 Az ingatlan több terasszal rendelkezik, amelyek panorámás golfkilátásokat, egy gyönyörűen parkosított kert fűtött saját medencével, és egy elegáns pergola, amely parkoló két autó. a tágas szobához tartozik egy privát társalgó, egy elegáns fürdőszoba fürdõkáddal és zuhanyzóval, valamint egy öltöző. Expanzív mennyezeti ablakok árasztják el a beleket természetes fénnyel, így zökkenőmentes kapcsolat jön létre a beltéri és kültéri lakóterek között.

---

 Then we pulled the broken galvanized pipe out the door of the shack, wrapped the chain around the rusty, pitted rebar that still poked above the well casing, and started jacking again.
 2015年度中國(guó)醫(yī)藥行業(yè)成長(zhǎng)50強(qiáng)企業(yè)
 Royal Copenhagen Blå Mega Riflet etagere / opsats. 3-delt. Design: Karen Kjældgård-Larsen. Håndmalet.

--

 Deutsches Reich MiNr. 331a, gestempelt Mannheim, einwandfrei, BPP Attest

• **TASK DIRECTIONS**:
Repeat exactly the lines of the listing above, from the one with "2015年度中國(guó)醫" down to the one with "Royal Copenhagen Blå"; both of those lines belong in the range.

• **ANSWER TO THE EXERCISE**:
 2015年度中國(guó)醫(yī)藥行業(yè)成長(zhǎng)50強(qiáng)企業(yè)
 Royal Copenhagen Blå Mega Riflet etagere / opsats. 3-delt. Design: Karen Kjældgård-Larsen. Håndmalet.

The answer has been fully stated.